In lieu of a complete body change on the Phantom 4, it's only fitting that the intelligent flight battery has also been redesigned. This is nothing new for DJI owners because they have never released a quad copter that can re-use the previous model batteries (or almost any accessory for that matter). Battery charge time was a little longer than the Phantom 3 at about an hour to charge, though flight time is also a little longer at around 24 minutes.

The new charging port style on the battery is accompanied by one of the most noticeable differences in the entire package, an all white charger. This is definitely one of the more "Apple inspired" updates and something that perhaps they had some input on for displaying in the stores during the launch period. The new charger is also much like a lightning cable where it can be inserted in either orientation and still receive a charge.




Moving to the flight controller, the unit shares the same white finish as the body and the form factor is pretty much identical to the Phantom 3. However, there are a few differences in the buttons and switches on the P4 controller. Next to the video record button, the Phantom 4 has the switches for "P-S-A" instead of "P-F-A" on previous versions.

"P" is now the flight mode that has all of the Intelligent Orientation Control (IOC) settings like Waypoints, Active Track, Tap to Fly, Point of interest, and others. With the addition of all these new features like active track and the vision sensors, the new "P" mode is limited to flight speeds of 22 MPH. That's where sport mode comes in.

"S" is the new "Sport Mode" which allows you to get more aggressive with your Phantom than ever before. None of the intelligent flight modes are available in sport mode. "A" or Attitude (Atti) Mode is the same as before, keeping altitude control but allowing for complete manual control of the drone without GPS and no "return to home" feature.

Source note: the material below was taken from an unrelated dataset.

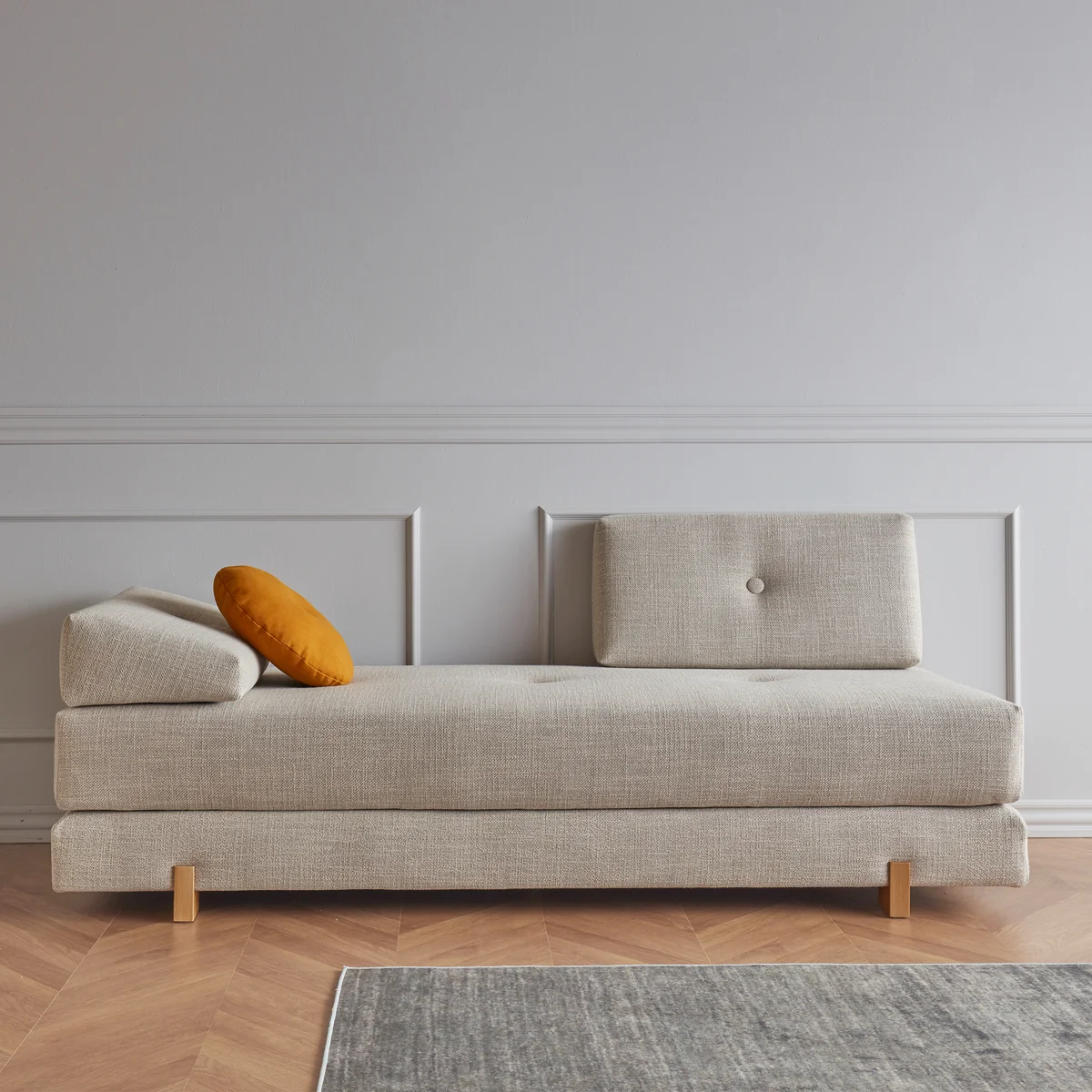 De Sigmund Drip slaapbank van Innovation Living is een echte allrounder. In een paar eenvoudige stappen kan hij van een klassieke slaapbank veranderd worden in een tweepersoonsbed of twee aparte eenpersoonsbedden - ideaal voor flexibele woonsituaties. De afgeronde pocketveringmatrassen kunnen op verschillende manieren worden gerangschikt en bieden veel zit- en ligcomfort. Twee verplaatsbare kussens vullen het ontwerp aan en zorgen voor extra ondersteuning en gezelligheid.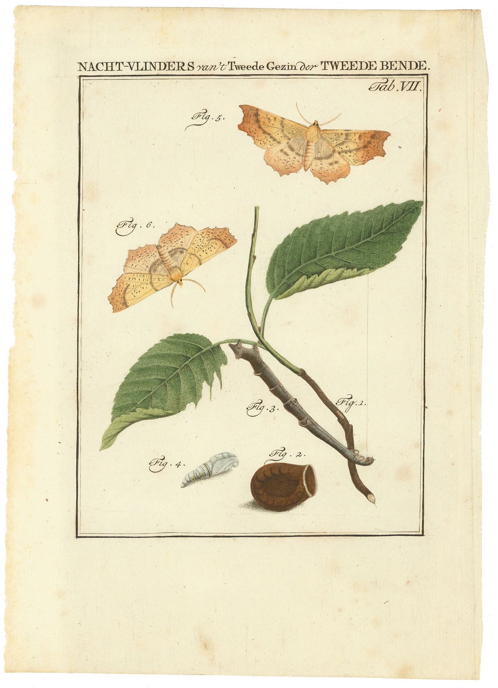 DESCRIPTION: From Beschouwing der Wonderen Gods in de Minstgeachtste Schepselen of Nederlandsche Insecten, by Jan Christiaan Sepp. This finely engraved and hand-colored natural history plate depicts two moths along with accompanying details of leaves, a twig, and other plant elements. Issued in the late 18th century, Sepp’s celebrated work combined precise entomological study with artistic elegance, presenting insects of the Netherlands in rich detail. Tab. VII illustrates nocturnal moths of the “second family of the second order,” arranged to show their markings and natural associations, embodying Sepp’s approach of blending scientific observation with refined composition.

DJI also changed up the "Play/Pause" button on the top right hand side of the controller by replacing it with just a "Pause" button. This new "Pause" button is used to make the aircraft hover in place and allow for manual control like normal in "P" mode. You would use this feature during the middle of an intelligent flight mode sequence in case of emergency.




Arguably one of the biggest improvements from the other Phantom models is the inclusion of a carrying case that securely closes for quick and easy transport. It can actually hold everything needed for flying including an iPad Mini (but not a regular iPad) and up to three flight batteries if you store one in the drone itself.

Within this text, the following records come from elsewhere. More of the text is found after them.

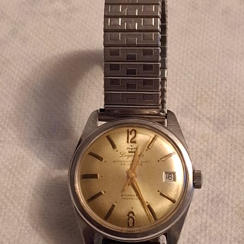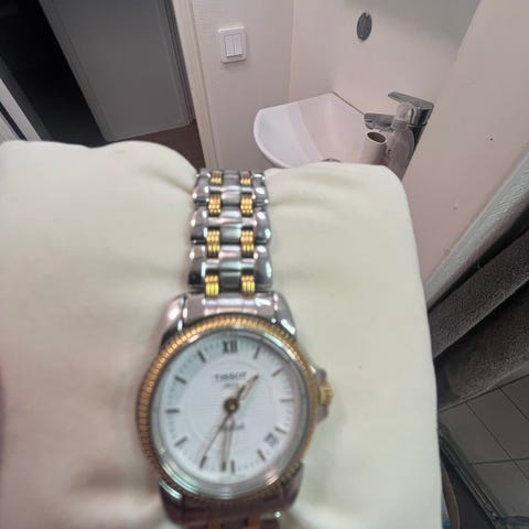 Tissot armbandsur för dam med silverfärgat metallarmband och klassisk analog visning. Urtavlan är tvåfärgad med svart ytterring och guldtonad mittdel. Boetten är i metall med rund form och mekanisk krona på sidan. Klockan har elastisk länkkonstruktion som gör den enkel att ta på och av. Passar som vardags- eller festklocka för den som söker ett mindre damur i metall med tydlig urtavla. Retro från 80talet. Eventuellt behövs batteriet bytas ut. Obs! Skickas inte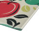 This tempered glass cutting board features a vibrant, repeating retro apple pattern. It adds a touch of MCM art to your meal prep while protecting your surfaces. A stylish, sanitary, and heat-resistant choice for the vintage-loving chef.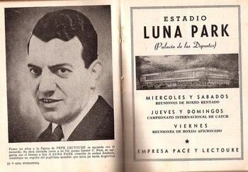 Pepe ya tenía 38 años. Un hombre "demasiado" grande para la época. Y un pasado intenso. Había sido boxeador, empresario, director técnico y manager de boxeadores como Justo Suárez, el "gran ídolo de la afición", entre otros. A él refiere Julio Cortázar en su célebre cuento "El Torito", cuando habla del "Patrón". Pepe Lectoure era socio de Ismael Pace, quien soñó un Luna Park para espectáculos en Buenos Aires. Luna Park significaba en Italia algo así como "Parque de Diversiones". Y desde la calle Rivera se fueron a Corrientes 1065, entre Carlos Pellegrini y Cerrito.

This case is a great bonus for Phantom 3 or earlier owners as the landing skids are longer and slightly wider on the Phantom 4, which makes it incompatible with cases not specifically meant for the P4; whereas you could have used a Phantom 2 case for a Phantom 3 as they shared the same body style.

Usage



DJI's main goal with the Phantom 4 is to make it more inviting and easy to fly. They definitely did a lot of things to make that a reality. I decided to fact check many of the claims with the upgraded features and am happy to report, most of them are true and accurate.

Upon starting the Phantom 4 up for the first time, I was pleasantly surprised to hear that they also changed the tune of the startup noise. The old one offended my eardrums each time it started, the new tone is much more peaceful and welcoming.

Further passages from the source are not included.